It wasn't just the priorities of lawmakers that went down to the wire last week when the state Legislature wrapped up its final night of formal sessions for the year. Republican Gov. Charlie Baker also had quite a few priorities he wanted to get through the overwhelmingly Democratic Legislature and he came away from the session with a mixed record.
"Even though he has a good relationship with the Legislature, they’re all Democrats. So usually, governors in split-party-controlled states have real trouble getting their legislative agenda through. And so any successes for him are pretty good," UMass Boston political science professor Erin O'Brien told WGBH News.
The biggest win for Baker was the bill he'd been pushing for the hardest: his "CARE Act" opiate treatment legislation. Many of the provisions laid out by Baker in his initial filing made it through the Legislature and are now on his desk to be signed. Among the slew of elements in the bill, Baker advocated for stricter regulations for dispensers of opiate treatment, increasing alternative pain medications, and allowing doctors to partially fill prescriptions of addictive painkillers.

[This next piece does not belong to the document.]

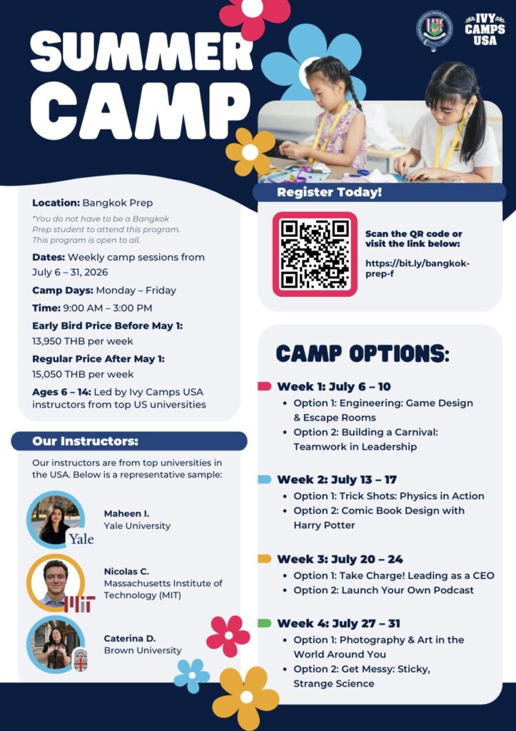 創立22年を迎えるイギリス式インターナショナルスクール、バンコクプレップ。高いアカデミックのみならず、日本語クラスの充実さ、スポーツ施設やアート、ミュージックなど生徒が好きなことに没頭できる環境が整っております。住宅コミュニティー内に学校がある為徒歩で通うこともでき安全な環境で学校生活を送ることができます。近年ではサスティナブル教育にも力を入れており、エコスクールとしても知られた学校です。

But Baker didn't get everything he asked for. Lawmakers rejected Baker's bid to let doctors hold overdose patients for up to 72 hours for involuntarily treatment. The House never even considered the option, and the Senate replaced it with a hold option only when courthouses are closed and a traditional hold order can't be procured. In the chambers' final compromise, the hold language was reduced to a "study" of the issue.
“Charlie Baker’s more interested in passing or being able to attach his name to something on the opioid crisis than he is in the policy specifics. I don’t mean that to say that he doesn’t care about specific policy, but for him the political win is to be able to come back and say ‘we did something on opioids, and we did it with a Democratic Legislature," O'Brien said.
At the end of the Legislature's two-year session, Democrats pushed their negotiations to the very last minute, using the session deadline to spur compromise between the House and Senate. Baker had been critical of the Legislature for not getting a budget done on time, which made the end-of-session crunch even more hectic.
"I had said earlier that I was concerned that the fact that the budget dragged on early into July and then we lost a couple of weeks, in July, where the budget was still being debated and discussed, that I thought that was going to be an opportunity cost with respect to their ability to deal with some other things and I think in some cases, that turned out to be true," Baker said after the final gavel fell early last Wednesday morning.
Baker's agenda had more success when it came to spending, with the Legislature drawing open the state's purse strings to authorize multiple borrowing bills that will allow Baker to invest in projects and construction around the state. In a job-boosting economic development bill, the law will grant Baker the authority to doll out nearly $1.2 billion in project money for job training, municipal grants, infrastructure and more. Similar bond borrowing bills, with equally high bottom lines, were passed for housing development, life sciences and environmental improvements.
Perhaps Baker's biggest disappointment this session was that the Legislature didn't even take up a bill that would have allowed cities and towns to relax zoning rules to bring in more development, his "Housing Choices" legislation. Baker had been all but begging Speaker Robert DeLeo and former Senate President Chandler to take up the bill for weeks, but after two powerful lobbies got involved and time ticked toward the end for the session, Baker's bill was sent to the legislative dust bin.
“I haven’t given up on that one. It didn’t happen in the formal session, but they will be meeting in informal session. I think there’s a lot of support for it, and I will continue to advocate for it," Baker told reporters.
Framingham State University political science professor David Smailes said the late-session loss sets Baker up for another push on housing legislation at the outset of the 2019 session.
“It’s the kind of thing where you can advance an issue. Perhaps we’ll lose on it today, but hope to win on it in the future, so it’s still worth putting out there," said Smailes.
Baker's greatest difficulty in this election year, according to Smailes, "is that once you’ve committed yourself to a policy like that, and you’re trying to get an initiative like that passed, you know the failure comes back to reflect on you and your own power. You know, the sense that people have of your power. And that makes it more difficult to get things done.”
The legislature also stalled on, or outright ignored, a number of Baker's proposals for things like tougher sentences for repeat child rapists, updates to the state's wiretapping laws, and making so-called "revenge porn" a crime.
The governor got an unexpected win when it came to the bill to tax and regulate Airbnb rentals. Because of the late-session delay, Democrats surrendered the ability to supercede amendments proposed by the executive. Baker's amendment to let people who rent out their place for less than two weeks could stick in the final law instead of being overridden by the Democrats.